#### Task prompt
Reproduce exactly the first line of the material below and every line after it, ending with the line that contains "18K 925 Sterling". No pictures should be copied.
□ □ □ □ □ □ □
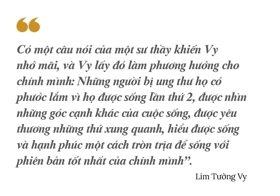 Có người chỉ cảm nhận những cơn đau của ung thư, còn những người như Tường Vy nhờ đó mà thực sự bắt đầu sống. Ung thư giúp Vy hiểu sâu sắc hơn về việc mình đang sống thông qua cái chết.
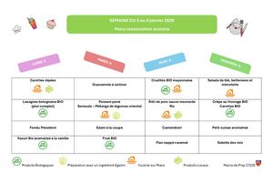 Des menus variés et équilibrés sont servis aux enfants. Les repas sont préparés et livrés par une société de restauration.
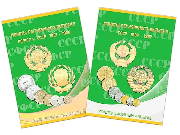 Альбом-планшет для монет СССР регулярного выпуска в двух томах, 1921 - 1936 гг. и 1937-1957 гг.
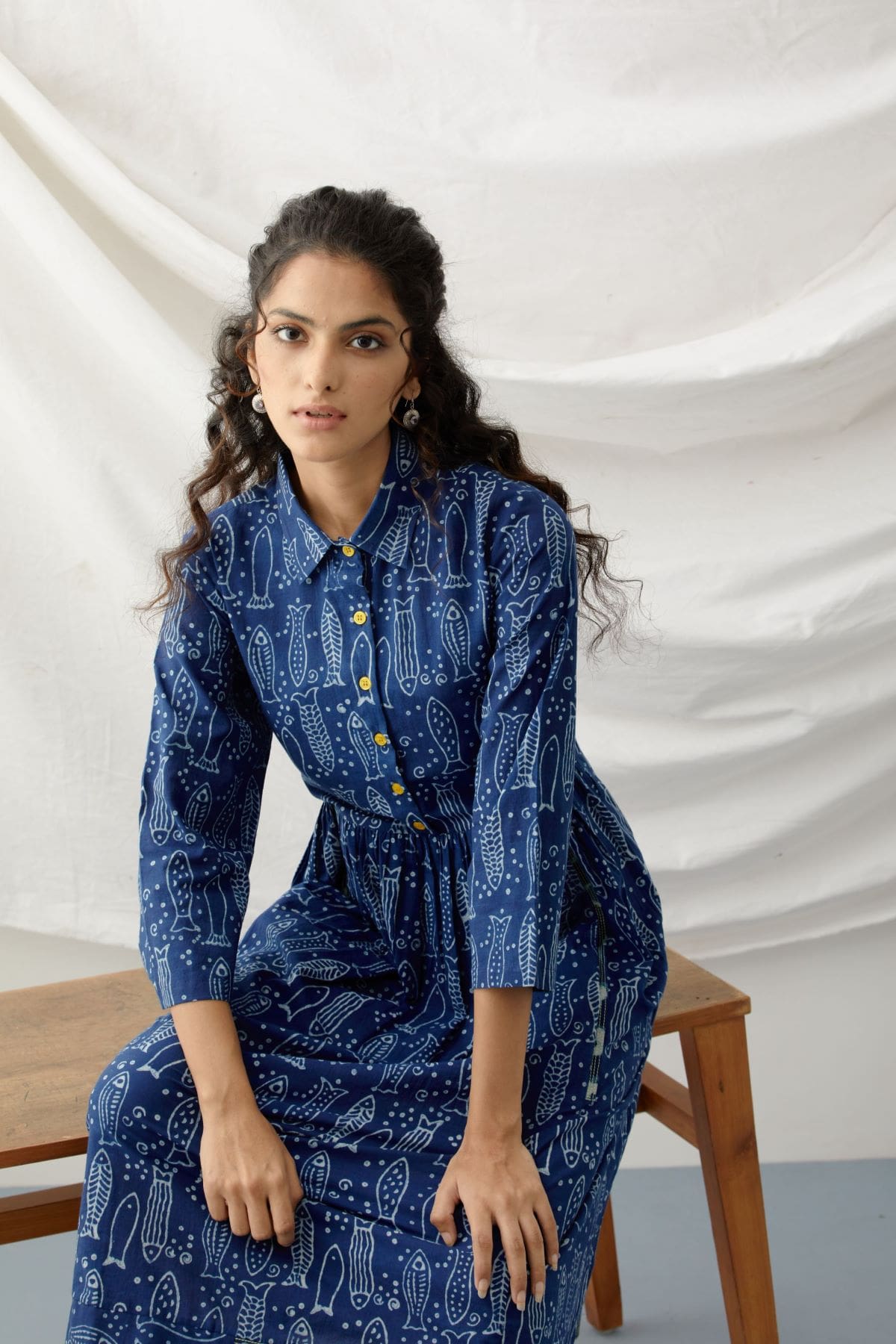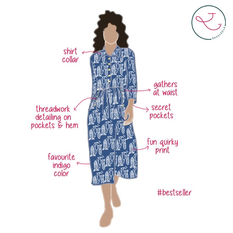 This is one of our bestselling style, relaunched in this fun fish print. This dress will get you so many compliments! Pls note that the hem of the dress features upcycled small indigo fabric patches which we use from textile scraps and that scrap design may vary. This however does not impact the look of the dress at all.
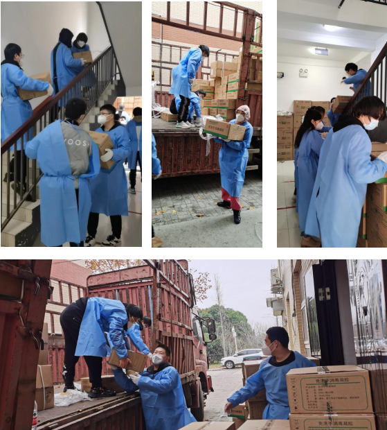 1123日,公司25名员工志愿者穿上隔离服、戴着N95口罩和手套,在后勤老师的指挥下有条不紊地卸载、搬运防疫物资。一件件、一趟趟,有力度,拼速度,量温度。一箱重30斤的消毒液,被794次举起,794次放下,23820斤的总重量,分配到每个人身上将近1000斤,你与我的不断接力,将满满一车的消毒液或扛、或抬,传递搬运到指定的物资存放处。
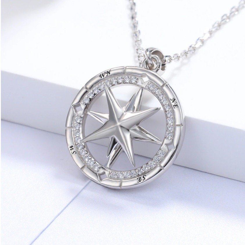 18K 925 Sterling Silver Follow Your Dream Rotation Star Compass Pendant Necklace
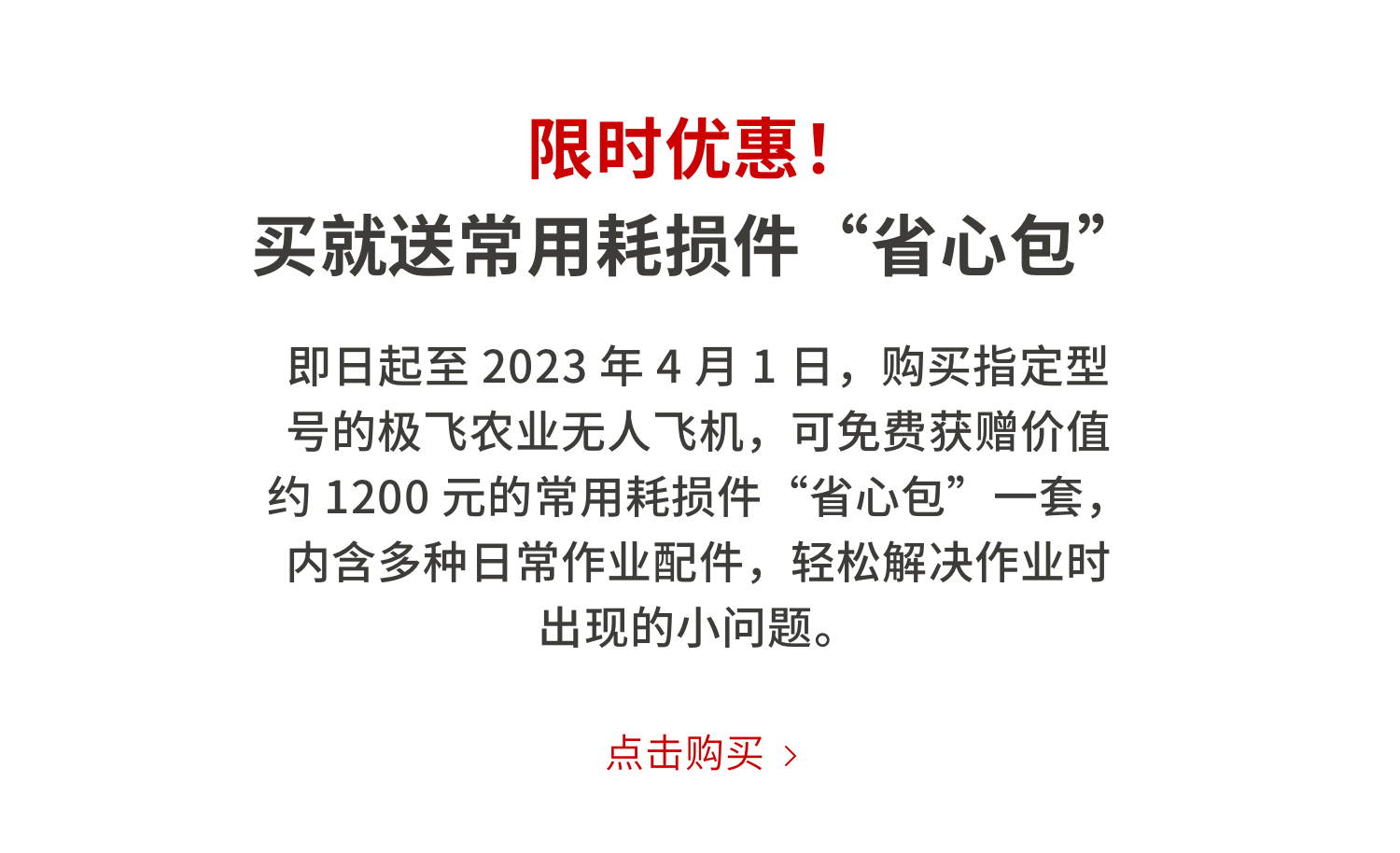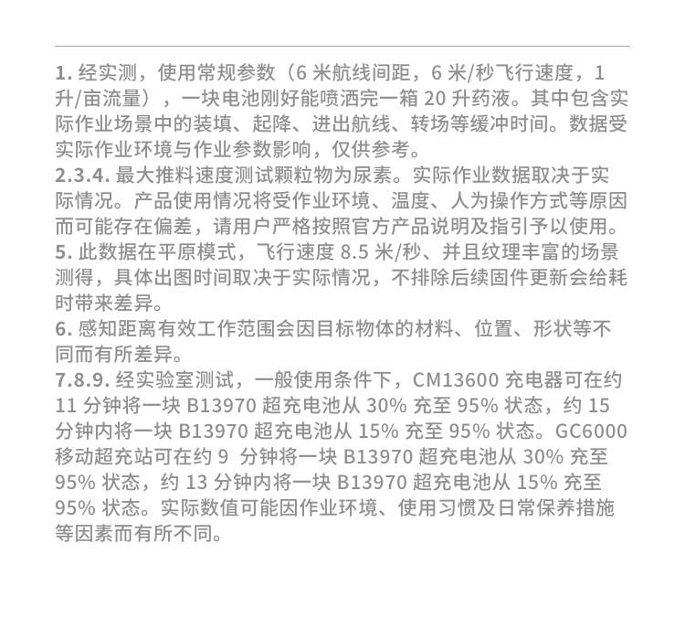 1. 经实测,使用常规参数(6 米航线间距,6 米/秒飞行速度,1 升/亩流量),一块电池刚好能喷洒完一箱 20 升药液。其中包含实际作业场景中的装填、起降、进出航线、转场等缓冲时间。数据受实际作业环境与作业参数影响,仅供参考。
□ □ □ □ □ □ □
#### Your solution
 Có người chỉ cảm nhận những cơn đau của ung thư, còn những người như Tường Vy nhờ đó mà thực sự bắt đầu sống. Ung thư giúp Vy hiểu sâu sắc hơn về việc mình đang sống thông qua cái chết.
 Des menus variés et équilibrés sont servis aux enfants. Les repas sont préparés et livrés par une société de restauration.
 Альбом-планшет для монет СССР регулярного выпуска в двух томах, 1921 - 1936 гг. и 1937-1957 гг.
 This is one of our bestselling style, relaunched in this fun fish print. This dress will get you so many compliments! Pls note that the hem of the dress features upcycled small indigo fabric patches which we use from textile scraps and that scrap design may vary. This however does not impact the look of the dress at all.
 1123日,公司25名员工志愿者穿上隔离服、戴着N95口罩和手套,在后勤老师的指挥下有条不紊地卸载、搬运防疫物资。一件件、一趟趟,有力度,拼速度,量温度。一箱重30斤的消毒液,被794次举起,794次放下,23820斤的总重量,分配到每个人身上将近1000斤,你与我的不断接力,将满满一车的消毒液或扛、或抬,传递搬运到指定的物资存放处。
 18K 925 Sterling Silver Follow Your Dream Rotation Star Compass Pendant Necklace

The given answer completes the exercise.